ClioSport Club Member
Yes, thats where I have heard of them coming on stock turbo cars.

It's good they've got that sensor, but until someone's put another one in the usual location and measured the difference in readings, the data isn't very useful.

Also I guess GPF removal and sensor deactivation is a popular mod to give free flowing exhaust.
 

The Psychedelic Socialist

ClioSport Club Member
A quick google shows this for the sensor:

1708514278685.png

(though it's not entirely obvious whether that's for a Mk7 or a Mk8...)

So I'm assuming that's a good place to read from.

Noted on the track-work. I'd never intended for this to be a track car so really it's only ever going to get used for point and squirt down a b-road and CSF. On the b-roads I usually drive on you're really limited by conditions so it's only ever a couple of seconds of WOT, followed by a lot of coasting and braking. And for CSF, if I'm having to drive across the country, have an afternoon on track, and then drive back, I'll definitely be taking it easy. Well, unless until one of you clowns successfully goads me into fully sending it. Ultimately I've no intention of chasing laptimes, so even alternating hot and cold laps would be no hardship at all.

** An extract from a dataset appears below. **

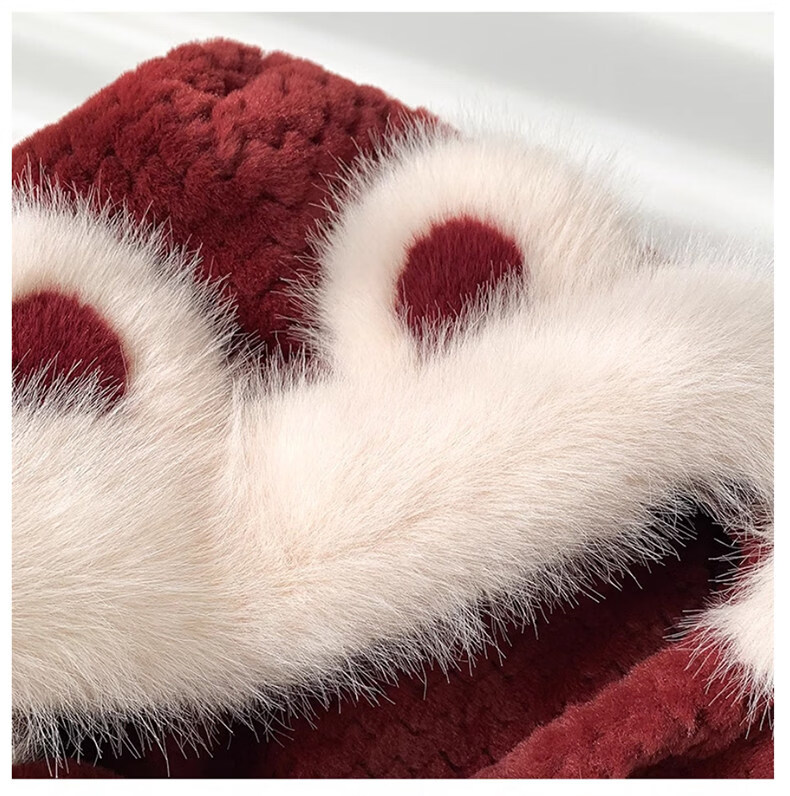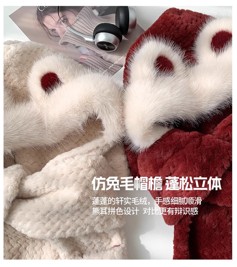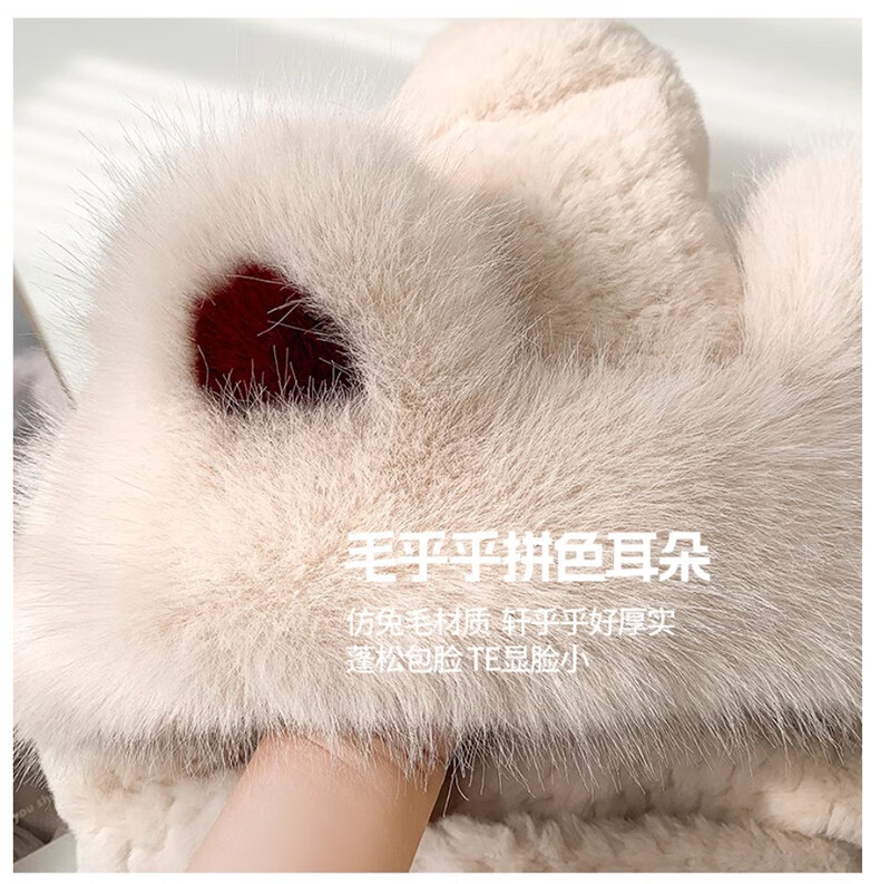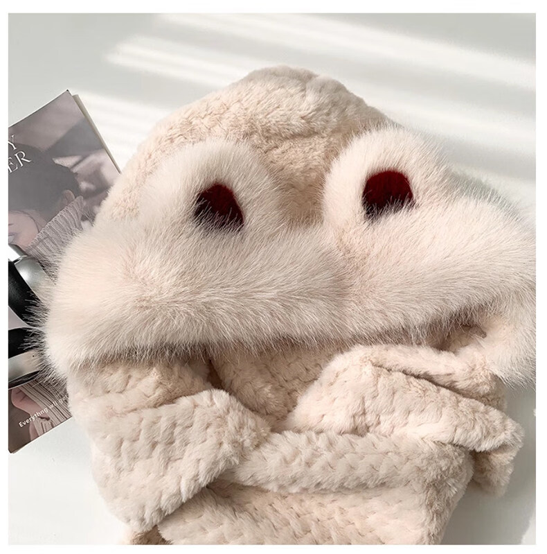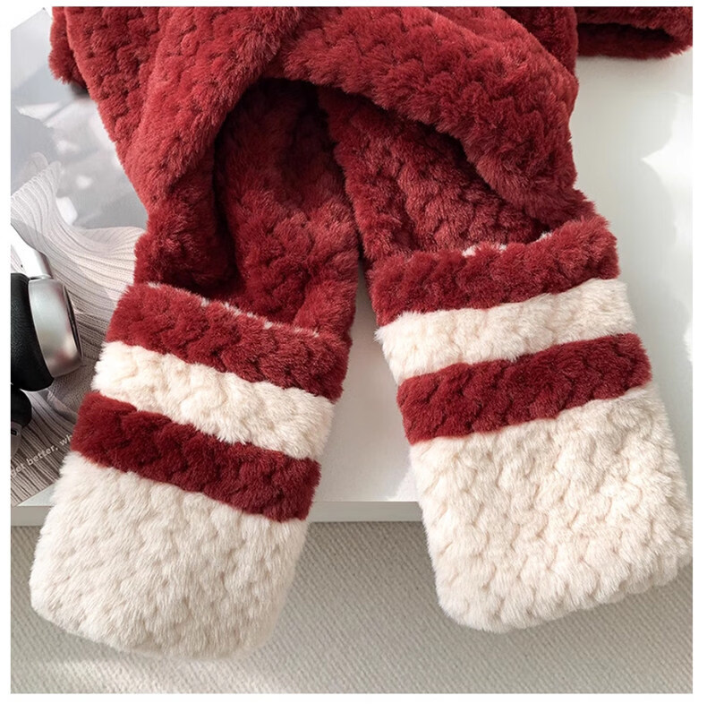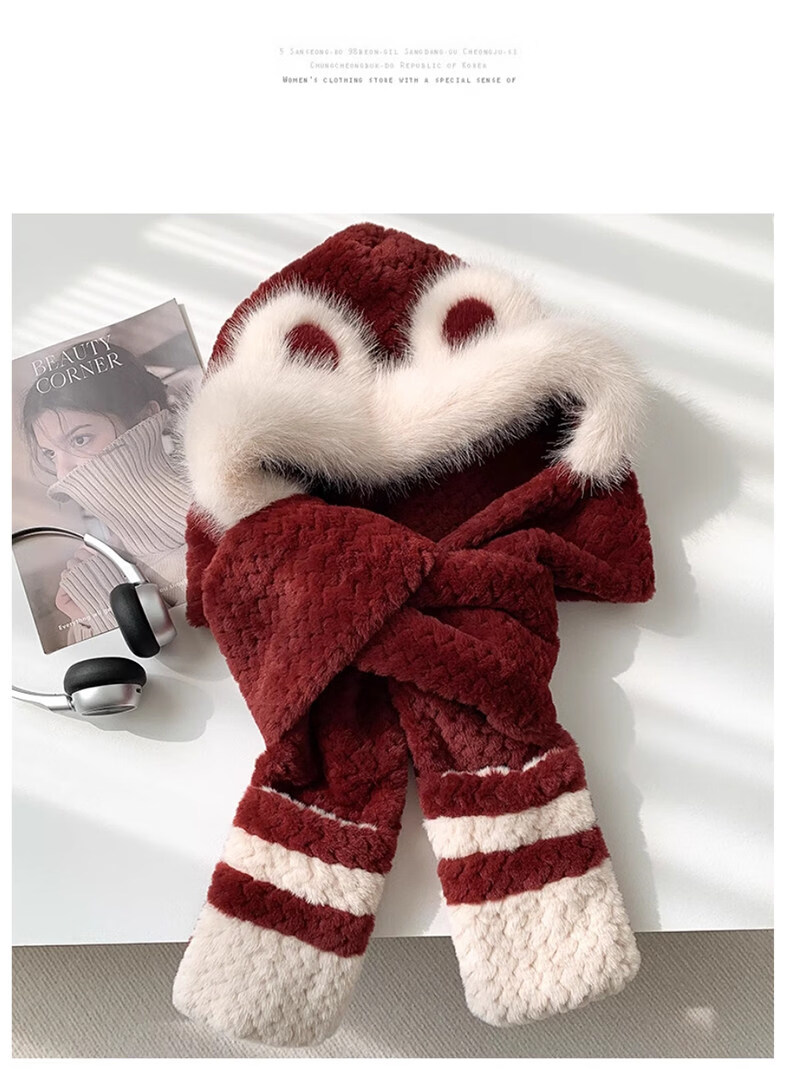 Viney hat scarf gloves all-in-one women's 2025 new winter bear plush thickened warm ear protection cycling hat Ancora red one size

So the plan is to go out again for some logging, doing a decent number of back to back runs to put some heat through everything, and take a log of:
- IAT
- Knock (if I can find it)
- EGT (if it's available, but it's not a GPF car, just a cat)
- AFR

For IAT I'm looking for it to keep reasonably close to ambient. Though I remember Collins telling me that they keep the limiters in place that restrict performance if IATs get too high. They claimed that lots of other tuners just remove these allowing their cars to make big figures even when the intercooler isn't really up to snuff, so worst case on this front I should just be losing performance rather than f**king my car.

If I can get any knock or EGT readings I'll post up a graph but presumably similar to IAT in that I'm just looking for things to not get noticeably worse after a few pulls.

And AFR should really just be where it was, within that tuner target of 0.78 - 0.85.

This is all great info, thanks again for the advice. Once again, CS with the knowledge!